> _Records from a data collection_
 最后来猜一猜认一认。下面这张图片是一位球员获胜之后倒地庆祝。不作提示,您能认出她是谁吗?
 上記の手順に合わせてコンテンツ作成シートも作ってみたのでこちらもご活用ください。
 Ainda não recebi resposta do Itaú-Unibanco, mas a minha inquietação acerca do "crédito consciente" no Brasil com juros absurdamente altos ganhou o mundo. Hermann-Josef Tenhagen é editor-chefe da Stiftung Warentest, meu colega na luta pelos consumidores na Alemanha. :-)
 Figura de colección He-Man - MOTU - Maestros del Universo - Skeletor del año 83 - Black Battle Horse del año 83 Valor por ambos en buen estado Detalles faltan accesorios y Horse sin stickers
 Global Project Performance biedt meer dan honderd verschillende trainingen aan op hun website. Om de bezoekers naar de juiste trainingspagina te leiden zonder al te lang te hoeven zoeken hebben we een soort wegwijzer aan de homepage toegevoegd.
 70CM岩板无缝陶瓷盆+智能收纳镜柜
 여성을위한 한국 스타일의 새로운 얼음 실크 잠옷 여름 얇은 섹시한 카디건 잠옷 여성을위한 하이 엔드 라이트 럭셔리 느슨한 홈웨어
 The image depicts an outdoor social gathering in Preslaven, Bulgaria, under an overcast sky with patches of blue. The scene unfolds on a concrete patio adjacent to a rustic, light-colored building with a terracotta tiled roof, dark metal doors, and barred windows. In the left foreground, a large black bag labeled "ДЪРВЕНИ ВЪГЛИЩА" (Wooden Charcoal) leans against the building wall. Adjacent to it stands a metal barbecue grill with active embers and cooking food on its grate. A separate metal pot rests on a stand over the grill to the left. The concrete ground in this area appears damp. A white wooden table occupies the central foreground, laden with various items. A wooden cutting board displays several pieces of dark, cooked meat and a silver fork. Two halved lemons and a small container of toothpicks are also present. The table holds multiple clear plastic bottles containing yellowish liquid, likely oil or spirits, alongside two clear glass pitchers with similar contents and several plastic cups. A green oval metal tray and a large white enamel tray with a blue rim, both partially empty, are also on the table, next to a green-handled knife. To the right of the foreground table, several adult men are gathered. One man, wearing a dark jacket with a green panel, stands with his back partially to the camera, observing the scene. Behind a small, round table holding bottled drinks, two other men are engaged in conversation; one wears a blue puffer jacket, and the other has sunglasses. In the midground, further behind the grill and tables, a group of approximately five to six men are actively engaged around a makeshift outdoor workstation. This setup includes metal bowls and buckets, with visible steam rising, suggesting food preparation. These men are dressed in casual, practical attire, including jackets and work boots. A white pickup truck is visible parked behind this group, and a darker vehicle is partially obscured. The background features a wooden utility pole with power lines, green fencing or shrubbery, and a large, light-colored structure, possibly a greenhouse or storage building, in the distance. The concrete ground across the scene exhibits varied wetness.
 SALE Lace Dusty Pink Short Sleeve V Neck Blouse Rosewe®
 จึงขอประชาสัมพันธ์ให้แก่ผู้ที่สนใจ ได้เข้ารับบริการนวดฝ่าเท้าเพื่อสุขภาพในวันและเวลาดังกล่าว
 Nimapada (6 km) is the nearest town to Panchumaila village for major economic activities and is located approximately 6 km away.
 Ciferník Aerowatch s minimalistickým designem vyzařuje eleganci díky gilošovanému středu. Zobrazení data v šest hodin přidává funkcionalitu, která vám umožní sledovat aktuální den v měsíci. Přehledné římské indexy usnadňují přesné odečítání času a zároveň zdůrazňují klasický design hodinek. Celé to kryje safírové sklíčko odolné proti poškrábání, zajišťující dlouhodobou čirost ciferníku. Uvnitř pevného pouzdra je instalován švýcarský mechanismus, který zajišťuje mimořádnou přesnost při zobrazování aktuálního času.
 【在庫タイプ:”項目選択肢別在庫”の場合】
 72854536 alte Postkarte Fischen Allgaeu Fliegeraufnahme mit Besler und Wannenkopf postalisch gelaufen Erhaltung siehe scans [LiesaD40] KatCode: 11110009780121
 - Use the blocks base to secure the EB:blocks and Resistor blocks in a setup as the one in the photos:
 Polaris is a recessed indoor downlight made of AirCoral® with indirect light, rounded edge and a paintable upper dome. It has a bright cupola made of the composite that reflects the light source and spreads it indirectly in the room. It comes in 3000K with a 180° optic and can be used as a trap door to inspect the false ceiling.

> _Work to be completed_
Starting with the first line of the entries, transcribe every line up to and including the one with "Ainda não recebi".

> _Written solution_
 最后来猜一猜认一认。下面这张图片是一位球员获胜之后倒地庆祝。不作提示,您能认出她是谁吗?
 上記の手順に合わせてコンテンツ作成シートも作ってみたのでこちらもご活用ください。
 Ainda não recebi resposta do Itaú-Unibanco, mas a minha inquietação acerca do "crédito consciente" no Brasil com juros absurdamente altos ganhou o mundo. Hermann-Josef Tenhagen é editor-chefe da Stiftung Warentest, meu colega na luta pelos consumidores na Alemanha. :-)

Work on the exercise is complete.